So I think the parsing is now robust/consistent but that doesn't mean
the behavior matches your expectations.

I say robust as when any event, regardless of whether it happens to
alias the few hundred legacy names, will parse. Previous parsing meant
events advertised by AMD's PMU, like branch-brs, would return parse
errors as "branch" and "brs" looked like components of a legacy event
name.

Consistent in that, regardless of event name, we will try the same
process to find the event.

I don't understand why you think JSON comes into this. Is it because
I've sent patches with JSON encoding events and metrics in? In the
case of AMD's "branch-brs" and the "cycles" event, the event has been
advertised via sysfs and not from data in JSON tables.

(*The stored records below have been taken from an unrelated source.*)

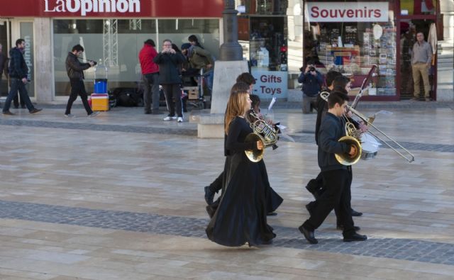 La grabación continúa hoy en el casco antiguo de Cartagena, donde un grupo de músicos aparecen tocando, caminando o descansando en lugares pintorescos de la ciudad, como son la Plaza del Ayuntamiento y del Risueño, o las calles Mayor, Duque, Gisbert y Ribera de San Javier.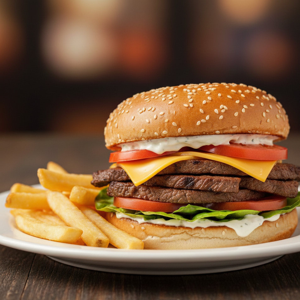 Pan de ajonjolí con 3 carnes, queso amarillo, lechuga, tómate, mayonesa, cátsup,y pequeña porción de papas naturales a la francesa fritas.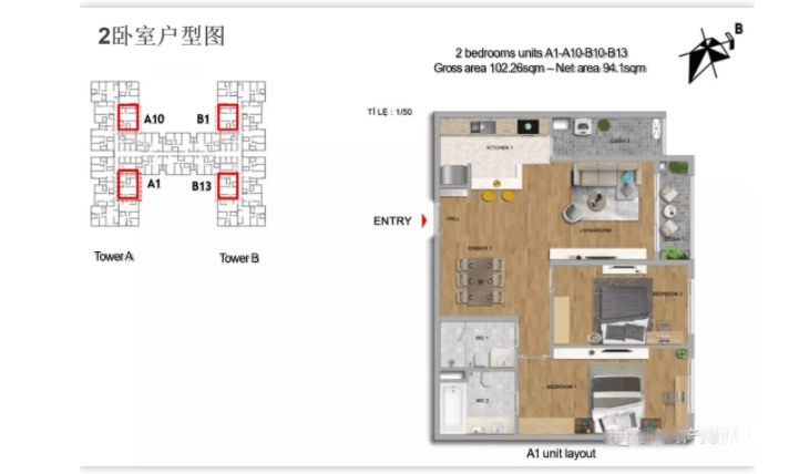 两卧室公寓: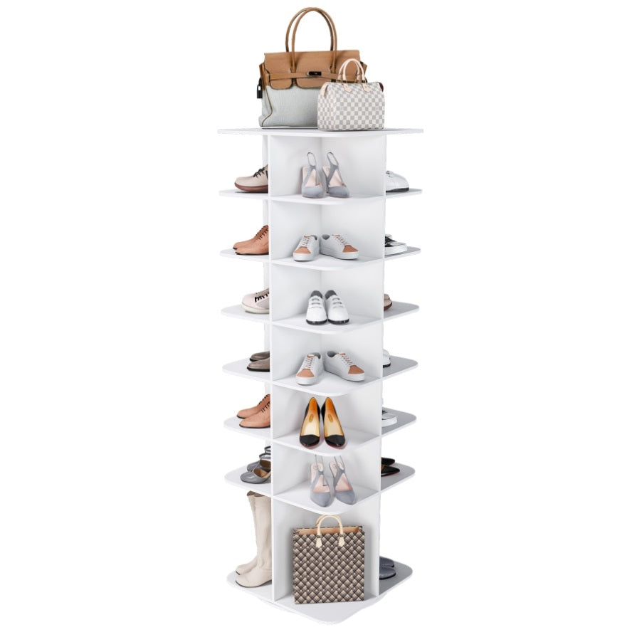 ORGANIZED AND BEAUTIFUL - Make your shoes neat and organized with this rotating shoe rack tower lazy susan; The space saving design can hold up many shoes or bags in a compact space; SIZE: 23.7"W x 23.7"D x 72.5"H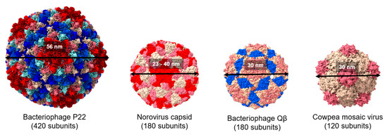 An interesting and useful aspect of virus-like particles in the context of vaccine development is that they are particulate and have repetitive structures which can provide arrays of the immunogenic antigens required for the induction of a potent antibody response. VLPs are thus one of the most common platforms used in vaccine agents used in prevention of infectious diseases, cancer, and brain diseases [10,14,15,16,17,18]. The immunogenicity achieved by displaying antigens on VLPs is assumed to be similar to that of the natural virus particle due to specific interactions with pattern recognition receptors of dendritic cells (DCs) [14]. Typical VLPs include bacteriophage P22 (P22), bacteriophage Qβ (Qβ), norovirus capsid, and cowpea mosaic virus (CPMV), among others (Figure 2).

> But whatever. With his patch, at least it works for me.

You followed up in:
https://lore.kernel.org/lkml/CAHk-=wi5Ri=yR2jBVk-4HzTzpoAWOgstr1LEvg_-OXtJvXXJOA@mail.gmail.com/
with:

> So no. That still needs to be fixed, or the whole "prefer sysfs/JSON
> by default" needs to be reverted.

So I think we still need to figure out what:

$ perf <command> -e <event> ...

where <event> doesn't specify a PMU means. I'll try to enumerate the options:

1) the 6.9 behavior where <event> will be searched for on every PMU
and each PMU that has that event will have it opened. This can lead to
failures depending on what <command> is going to do. If <event> is a
legacy event name then it will be opened only on core PMUs.
2) the current perf-tools branch behavior where <event> is searched
for on every PMU regardless of it being a legacy or non-legacy event
name.
3) (2) but we change drivers to not advertise events where the name
conflicts with a legacy event name.
4) if the PMU isn't specified with <event> then we only search core
PMUs (e.g. armv8_pmuv3_0, cpu, cpu_core, cpu_atom)
5) we parse all events as with (2) but depending on <command> can
choose to ignore perf_event_open failing.

I'll try to rustle up a patch for (5), I have no way to test it. I
expect it will make somebody somewhere unhappy, apologies in advance.

Thanks,
Ian

>                  Linus